In a survey of 1487 adults, 43% of them have Facebook pages. It is claimed that less than 50% of adults have Facebook pages.

The following formula of the confidence interval is used:

\(p < \hat p - E\)

Here, E is the margin of error and has the following formula:

\(E = {z_\alpha } \times \sqrt {\frac{{\hat p\hat q}}{n}} \)where

\(\hat p\)is the sample proportion of adults who have Facebook pages

\(\hat q\)is the sample proportion of adults who do not have Facebook pages

n is the sample size

\({z_\alpha }\) is the one-tailed critical value of z.

The sample size (n) is equal to 1487.

The sample proportion ofadults who have Facebook pages is equal to:

\(\begin{array}{c}\hat p = 43\% \\ = \frac{{43}}{{100}}\\ = 0.43\end{array}\)

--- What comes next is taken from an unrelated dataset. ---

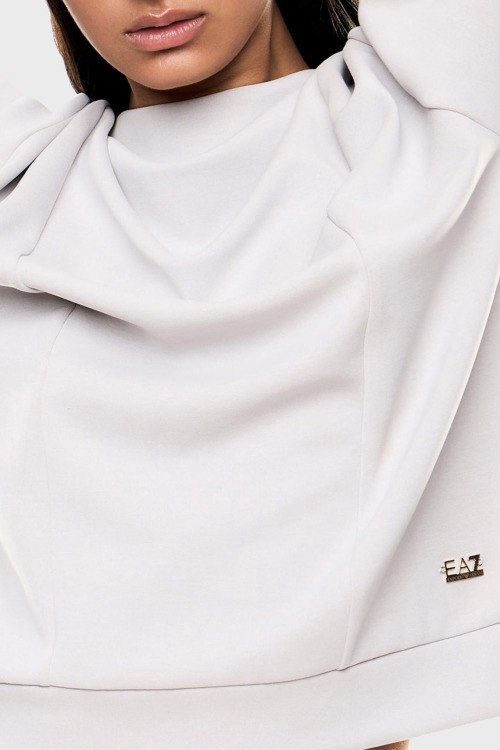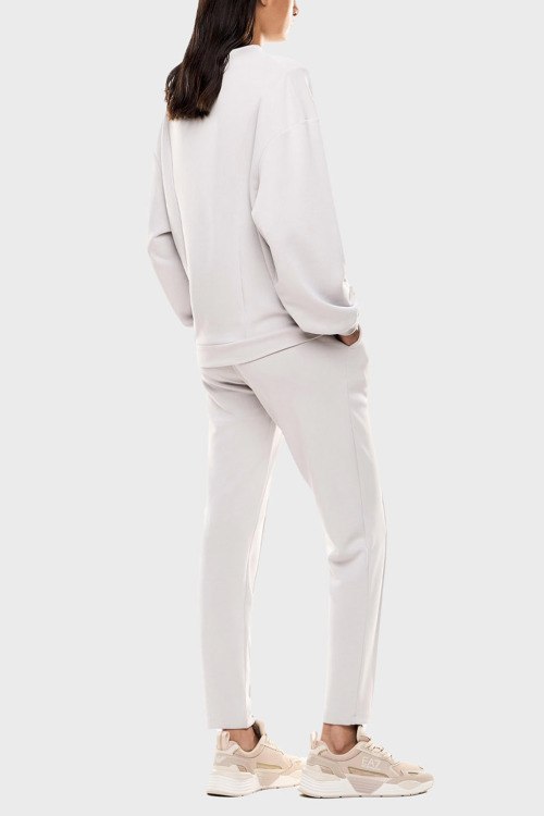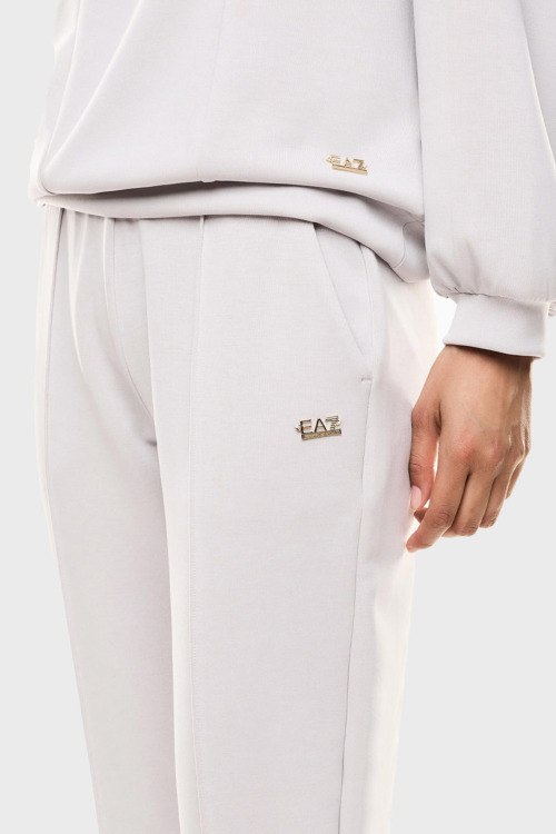 Детали: Женский светло-серый прогулочный костюм от EA7 Emporio Armani (ЕА7 Эмпорио Армани). Свитшот: нашивка с логотипом, круглый вырез горловины, классическая длина, трикотажные манжеты и нижний край. Брюки: эластичный пояс, боковые карманы, низ без манжетов, полная длина

The sample proportion of adults who do not have Facebook pages is equal to:

\(\begin{array}{c}\hat q = 1 - \hat p\\ = 1 - 0.43\\ = 0.57\end{array}\)

The value of \(\alpha \) is equal to 0.05.

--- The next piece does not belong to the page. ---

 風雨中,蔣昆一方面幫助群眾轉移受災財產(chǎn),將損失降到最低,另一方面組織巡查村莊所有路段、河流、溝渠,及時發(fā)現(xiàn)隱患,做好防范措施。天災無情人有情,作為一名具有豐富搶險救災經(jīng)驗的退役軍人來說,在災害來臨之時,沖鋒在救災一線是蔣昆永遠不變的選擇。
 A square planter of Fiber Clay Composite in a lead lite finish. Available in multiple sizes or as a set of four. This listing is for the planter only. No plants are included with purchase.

Thus, \({z_\alpha }\) is equal to 1.645.

The margin of error can be computed as shown below:

\(\begin{array}{c}E = {z_\alpha } \times \sqrt {\frac{{\hat p\hat q}}{n}} \\ = 1.645\; \times \sqrt {\frac{{0.43 \times 0.57}}{{1487}}} \\ = 0.0211\end{array}\) \(\)

The one-sided confidence interval is computed below:

\(\begin{array}{c}p < \hat p - E\\ < 0.43 - 0.211\\ < 0.409\end{array}\)

Here, it can be observed that the population proportion of adults having Facebook pages is less than 0.409 or 40.9%.

Therefore, the given claim that the proportion of adults having Facebook pages is less than 50% is supported.